SUEHIRO

2018/12/30

A famous long-running Kyoto style Sushi restaurant established in the Edo Era

“It feels good to see the perfectly cut ends of the sushi.”

Looks delicious, taste delicious

 

If you express Edo style as eating at a counter seat, Kyoto style sushi is for eating in a tatami room. In the old days when it was hard to obtain fresh raw fish, people had “Saba-zushi” made from salted mackerel and vinegared rice. This is still a must have for celebration scenes at Kyoto.

This restaurant – Suehiro – was established in the Tenpo Era (1830-1844). The current owner Tokio Shibata is the 9th generation.

 

A medium rare Saba-zushi – fatty meat melts in your mouth

 

The old stone paved kitchen is well cleaned and maintained. “I heard it was built in the Meiji Era. We have been cooking in the same kitchen since before war,” he speaks as he neatly rounds the vinegared rice into an oval shape.

“It’s difficult to peel off the skin from unfresh Mackerel.”

The beautiful silver blue pattern appears from underneath the fresh mackerel skin. First removing small bones one by one, then carefully cuts the meat into small triangles, and finally rounds it up together with the vinegared rice. It is an amazing work.

 

A transparent Shiroita Kombu (seaweed) is placed on top of the mackerel to finish with.

“The seaweed keeps the sushi from drying out. ‘Izuu’ (another famous Saba-zushi restaurant) offers the type of Saba-zushi where you remove the seaweed before eating, but you can eat it together at my place. There actually are many types of Saba-zushis.”

 

The biggest characteristic of Suehiro’s Saba-zushi is the medium rare fish meat. The pickled surface makes the inside fatty meat stand out. The balance of vinegared rice,  seaweed, and mackerel is perfect. The taste stability shows the long history behind it.

“The best timing to eat is after you let it rest for about half a day.”

Professional’s cooperation is necessary for a brand to continue

 

The most popular menu for the Hako-zushi is Anago (Eel). A Hako-zushi is made and shaped using a wooden box – the first layer on the bottom is broiled eel, next a seaweed, and then vinegared rice on top.

Once this is well pushed and shaped, the boxed sushi is flipped and pushed out of the box to be cut by a special curved knife. The square cut sushi are rearranged as if they were Mahjong tiles, to be served.

 

“It has already been 25 years, but still the cutting part is difficult. It feels good when I succeed to see the perfectly cut ends.”

Once the sushi is neatly decorated onto a beautifully painted plate, you could easily imagine the plate being welcomed into the tatami room with a cheer.

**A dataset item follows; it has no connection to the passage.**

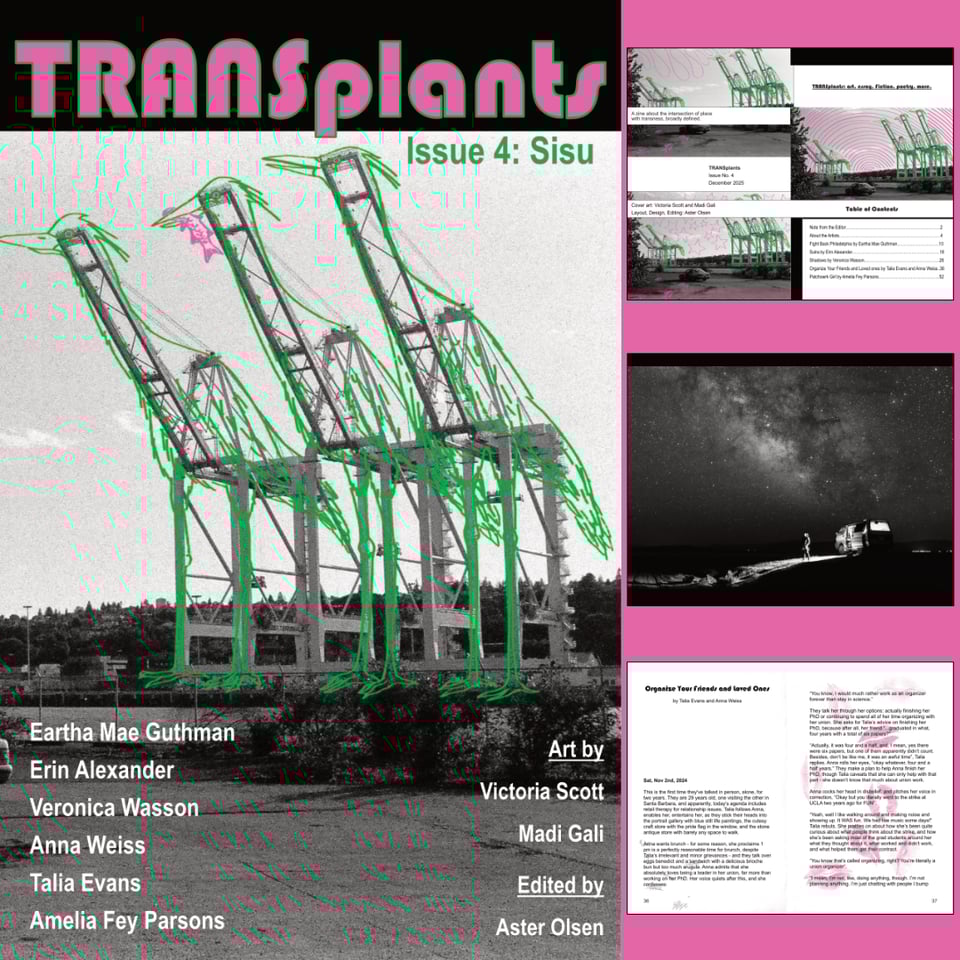 TRANSplants Issue 4 is releasing in December! Pre-order the zine here! I’m so excited to get this issue out. This one is focused around the theme of sisu. Sisu is a Finnish word which has no exact translation in English, but means unflinching determination in the face of overwhelming adversity. The writing in issue four is about visceral persistence, personal struggle, bravery, setback, undaunted determination, of getting bloodied and knocked down and forcing yourself to stand back up anyway. It’s about incomplete victory earned through pain and love, and about how some of us have won recently despite the propaganda that wants us to believe we are destined to lose. It’s about living our lives and fighting for a better world that we might never see, but fighting anyway, because the alternative is spiritual death and an empty life in the service of a system that despises us.

This moment shows the true worth of Kyoto style sushi.

 

“If Kyoto style sushi doesn’t look delicious, it won’t taste delicious either.”

Speaking of sushi, labeling the fish origin is popular nowadays. Tokio understands the trend, but he decided not to do this for his food.

 

“Our fishmonger selects the best ‘Suehiro taste’ mackerels every time regardless of the production area. This is the same with the rice shop. This is why I could maintain the same ‘Suehiro’ taste.”

Taste easily changes throughout the season if you stick with the production area, but because there are many professionals supporting Suehiro, the brand never changes. “Long history was not built in a day” – I think I found the reason why Suehiro’s Saba-zushi is loved beyond generations.